*Problem requirements*.
Exactly as they appear below, repeat the lines from the one with "В номере: вешалка, диван, зеркало, кровать" through the one with "お気に入りの一着を捨てずに、". Drop every picture.

*Listed records*.
%%

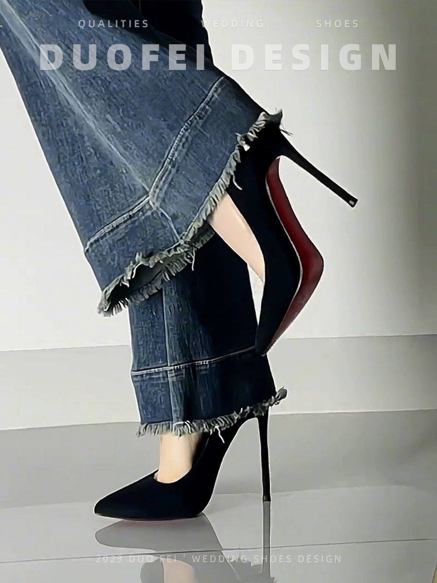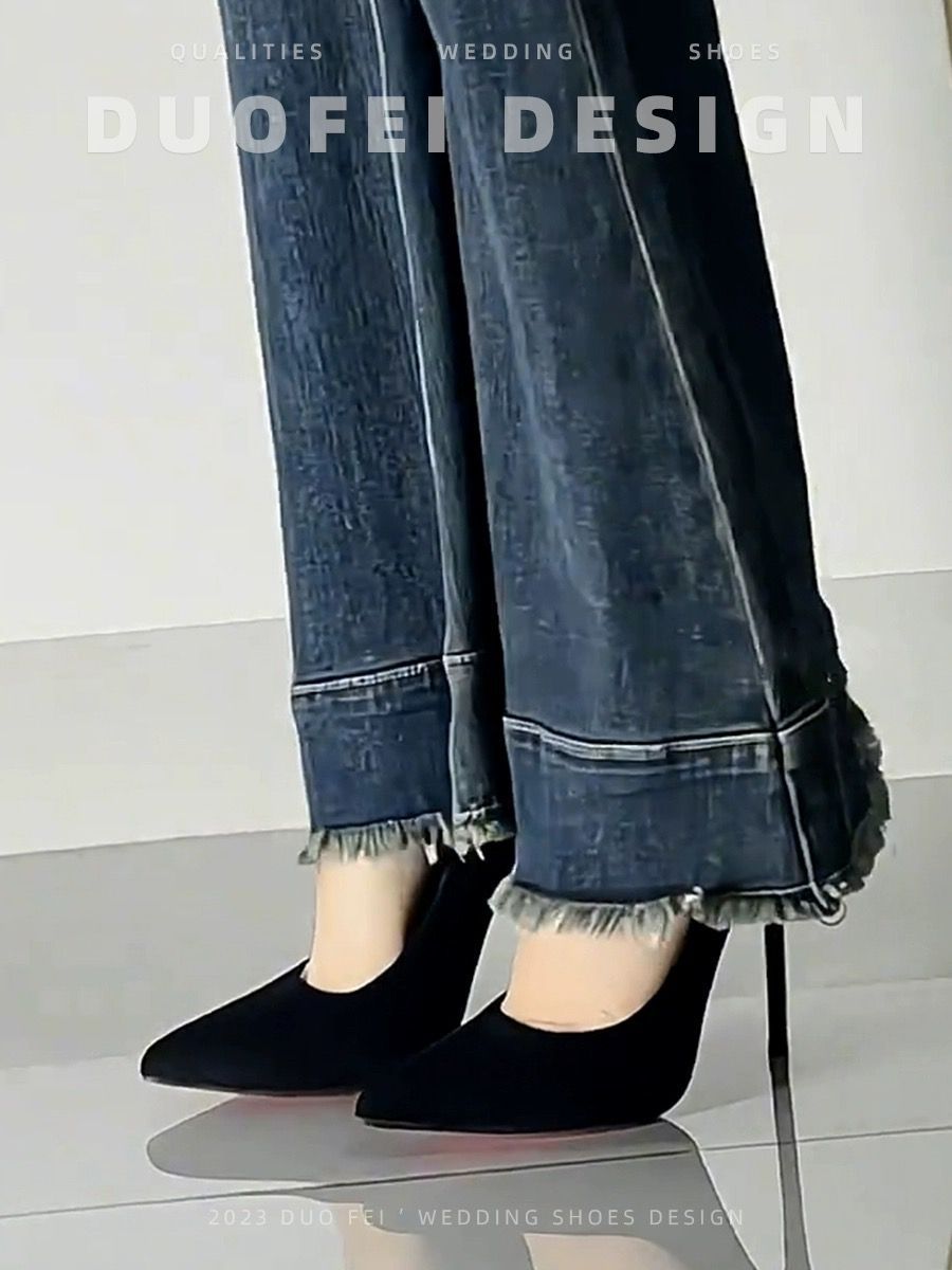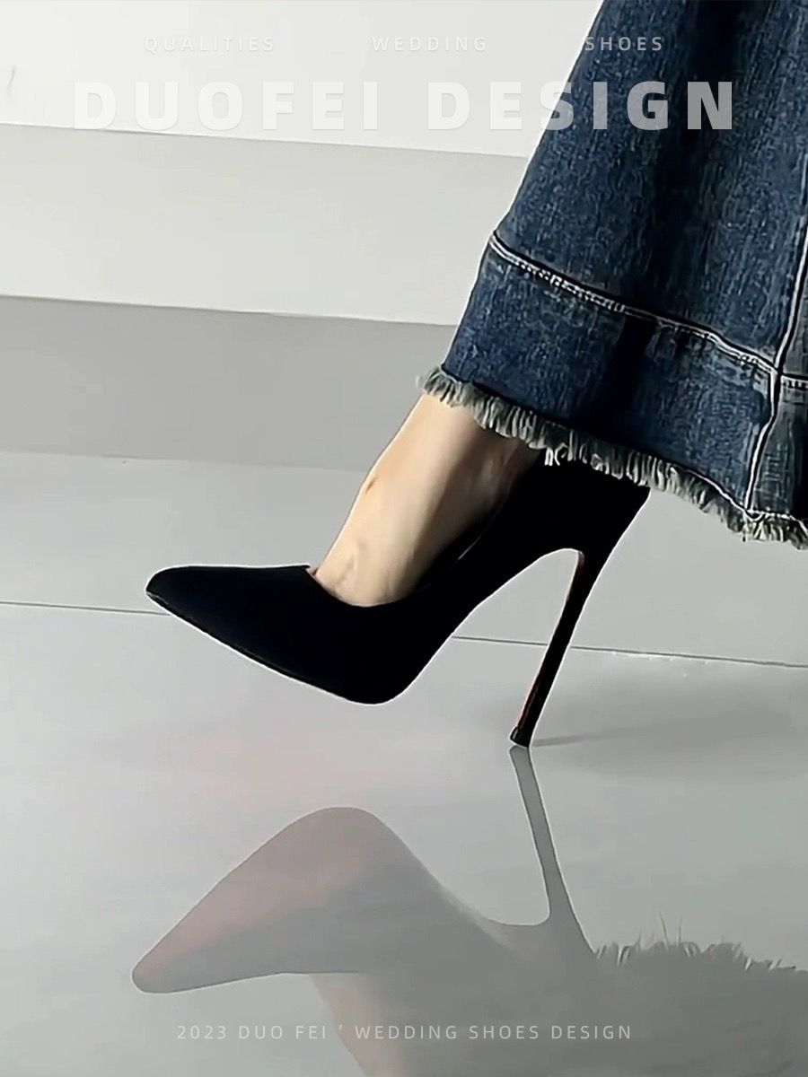 法式性感高跟鞋女2024新款春季尖头浅口百搭单鞋细跟防滑工作鞋女
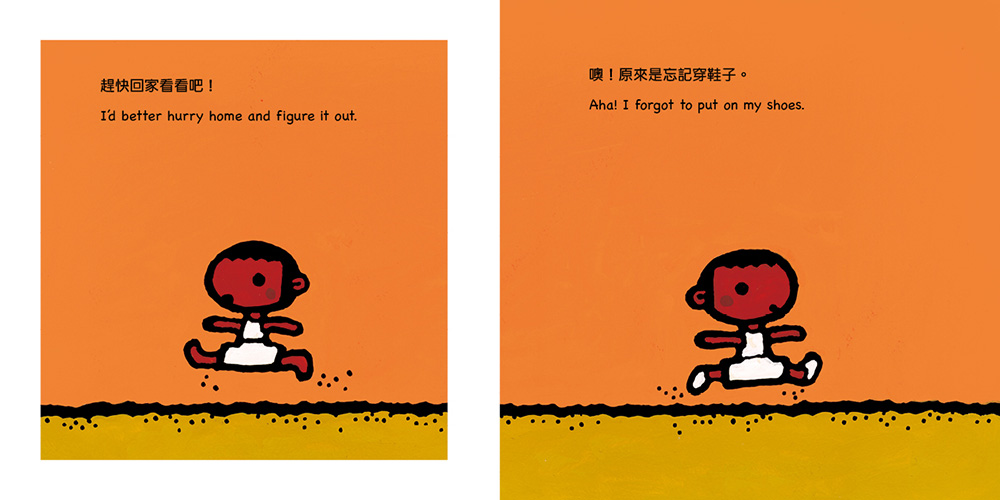 你的孩子覺得本書的主角是什麼動物呢?(據說五味太郎畫的是小猴子!)小猴子忘了穿鞋、忘了戴帽子、忘了戴幸運項鍊、忘了要去哪裡……這樣急急忙忙、丟三落四、不斷往返家裡的過程,令人莞爾,而爸爸一直是旁觀者,直到孩子需要時才伸出援手。「何時放手」、「何時出手」對父母而言,從來不是容易的事,看到書中爸爸的淡定,是否有助於減少「越看越著急、越著急越想幫忙」的念頭呢?
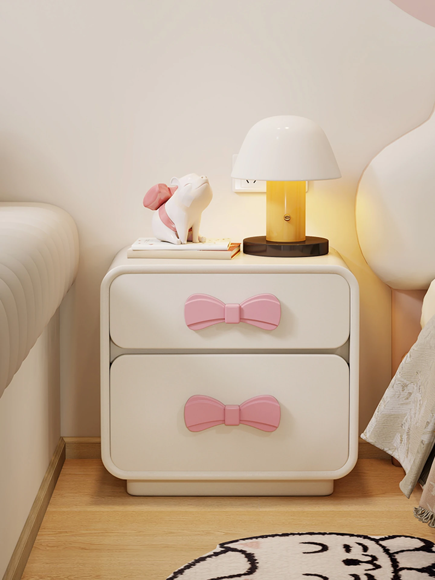 Charming Pink Bow Nightstand for Girls' Bedroom - Cute Creamy Bedside Cabinet, Creative Solid Wood Storage for Kids
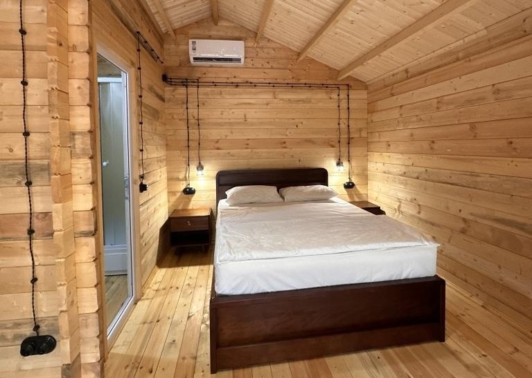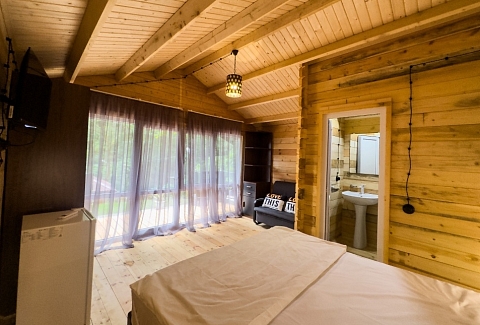 В номере: вешалка, диван, зеркало, кровать двуспальная, прикроватные тумбочки, стол, стул, шкаф, кондиционер, мини-холодильник, телевизор
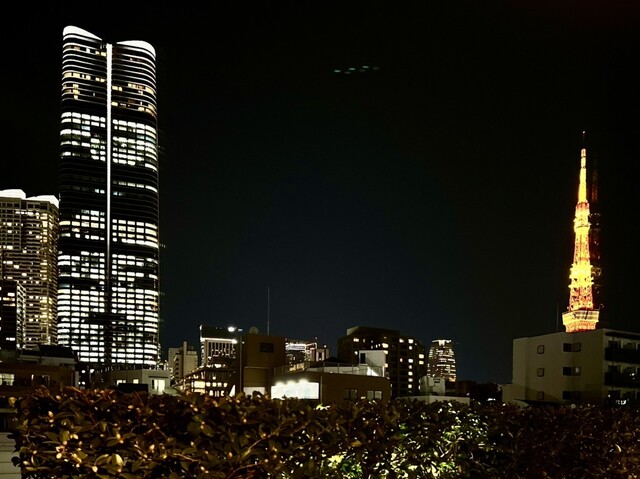 合間の休憩では夜風に吹かれ、目の前にそびえる東京タワーを眺めながら一服。
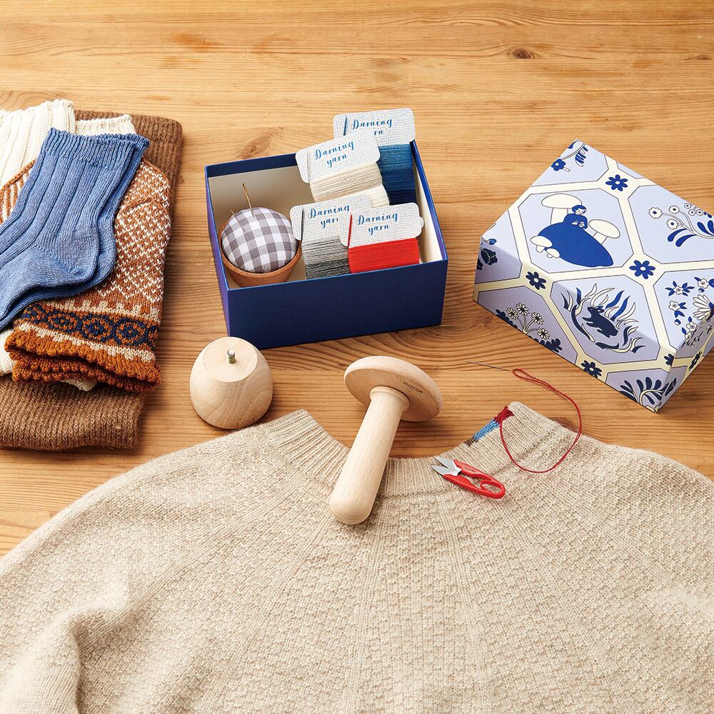 お気に入りの一着を捨てずに、長く大切に着続ける。 ヨーロッパ伝統の衣類修繕技術「ダーニング」がすぐに始められる、道具と糸のコンプリートセットです。穴があいたり、すり切れたりしたニットや靴下を、あえてカラフルな糸でおしゃれに補修して、世界に一つだけのデザインに。
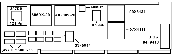 The 4 TC5588J-25 are the 64K cache for the 386DX-20.
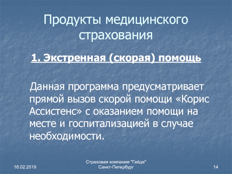 Данная программа предусматривает прямой вызов скорой помощи «Корис Ассистенс» с оказанием помощи на месте и госпитализацией в случае необходимости.
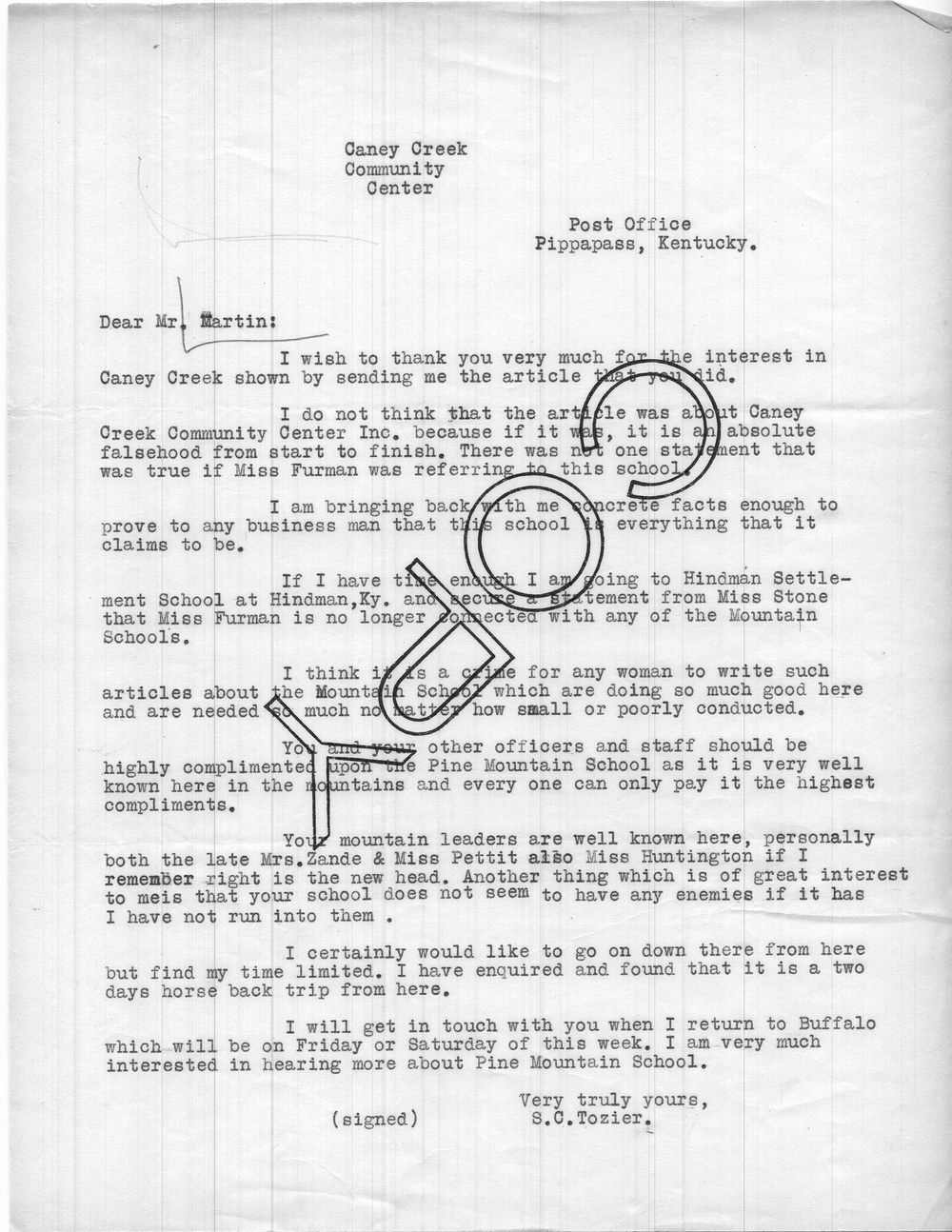 - 1928-00-n.d. To D.D. Martin from S.C. Tozier, 1 page. [martin_022.jpg] RE: conditions of Caney Creek Community Center and surveying community regarding response to Lucy Furman writing.

%%

*Task answer*.
 В номере: вешалка, диван, зеркало, кровать двуспальная, прикроватные тумбочки, стол, стул, шкаф, кондиционер, мини-холодильник, телевизор
 合間の休憩では夜風に吹かれ、目の前にそびえる東京タワーを眺めながら一服。
 お気に入りの一着を捨てずに、長く大切に着続ける。 ヨーロッパ伝統の衣類修繕技術「ダーニング」がすぐに始められる、道具と糸のコンプリートセットです。穴があいたり、すり切れたりしたニットや靴下を、あえてカラフルな糸でおしゃれに補修して、世界に一つだけのデザインに。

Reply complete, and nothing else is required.